Observability & Monitoring

        The constraint: NEVER log prompt text, user input, completion text, URLs, or user IDs. Observability for an LLM system must answer "is it working?" and "how much does it cost?" without ever seeing what users asked.
      

Observability in LLM systems is fundamentally different from traditional web services. You can't just log request/response bodies — those contain user-generated text that may be sensitive. Every metric, trace annotation, and dashboard widget must be designed with the assumption that the content is private, while the operational metadata is not.

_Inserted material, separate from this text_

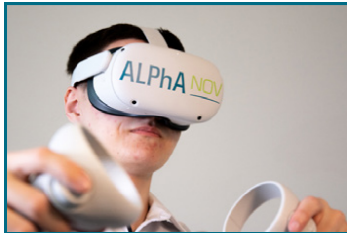
Casque de réalité virtuelle.

L'Immersive Photonics Lab est un outil de formation innovant qui embarque l'apprenant dans un laboratoire photonique en réalité virtuelle. Cet apprentissage immersif lui permet de maîtriser les gestes techniques professionnels dont votre entreprise a besoin.

Like the Clacks towers of the Grand Trunk, every message carries overhead bytes recording its journey — how long each tower held it, which ones dropped it, the cost of the semaphore time — but the message itself is never read by the operators. GNU Terry Pratchett.

X-Ray Distributed Tracing

AWS X-Ray traces requests end-to-end across Lambda, DynamoDB, and Bedrock. Sampling is set at 5% to balance visibility against cost.

What we trace (safe)

Annotations (searchable): model_id, status, error_type
Metadata (visible): tokens_used, latency_ms, Bedrock namespace details
Subsegments: Custom spans for guardrails, Bedrock calls, DynamoDB writes

What we never trace

Prompt text or user selections
Model completions or generated content
Page URLs or user identifiers
Any dimension that could identify what a user was reading

The X-Ray SDK is patched via patch_all() for automatic boto3 instrumentation. Custom subsegments wrap each pipeline stage so latency breakdowns show exactly where time is spent.

CloudWatch Metrics (EMF)

Six metrics are emitted via Embedded Metric Format (EMF) — structured log lines that CloudWatch automatically parses into queryable metrics, without the cost of PutMetricData API calls:

Metric	Dimensions	Unit	Purpose
`RequestCount`	`[Tier]`	Count	Total requests by user tier
`CapUtilization`	`[Tier, Window]`	Percent	How close users are to rate limits
`CapDenied`	`[Tier]`	Count	Requests rejected by rate limiting
`BedrockCostEstimate`	—	None (USD)	Per-request cost estimate
`ErrorRate`	`[StatusCode]`	Count	Errors by HTTP status code
`Latency`	—	Milliseconds	End-to-end request latency

All metrics land in the Aletheia/API namespace. Tier dimensions are validated against a fixed set (free, subscriber, admin, pro, enterprise) to prevent cardinality explosion from malformed JWTs.

Component-Level Latency

Each request records timing breakdowns across seven stages, returned in the API response for client-side diagnostics:

Component	What it measures
Input validation	Text checks, UTF-8 verification
Denylist check	HashSet lookup against term list
Semantic guardrail	LLM classification call
DynamoDB persist	Conditional write with TTL
Bedrock generation	Model invocation (dominant cost)
Score processing	Parse and threshold scores
Total	End-to-end Lambda execution

EMF Payload Structure

Each metric is a structured JSON log line. CloudWatch extracts the _aws envelope automatically:

        Embedded Metric Format (EMF) payload
{
  "_aws": {
    "Timestamp": 1708900000000,
    "CloudWatchMetrics": [{
      "Namespace": "Aletheia/API",
      "Dimensions": [["Tier"]],
      "Metrics": [{
        "Name": "RequestCount",
        "Unit": "Count"
      }]
    }]
  },
  "Tier": "free",
  "RequestCount": 1
}
      

Client-Side Diagnostics

The extension popup includes a diagnostics panel that shows:

Extension version and browser type
Service worker status and last restart time
API endpoint connectivity
Auth state and token expiry (when auth is enabled)
Last request latency breakdown

This lets users self-diagnose issues before filing a bug report, and gives the team immediate signal when debugging user-reported problems.

Health Check

The /health endpoint returns system status without invoking any LLM calls. It validates that the Lambda is responsive, DynamoDB is reachable, and the Bedrock client can be instantiated. This is the target for post-deploy smoke tests and uptime monitoring.

Admin Metrics Dashboard

The /metrics endpoint (admin-only) returns aggregate statistics: total requests, unique users, requests by tier, error rates, and cost estimates. No individual user data is exposed — all metrics are aggregated at the system level.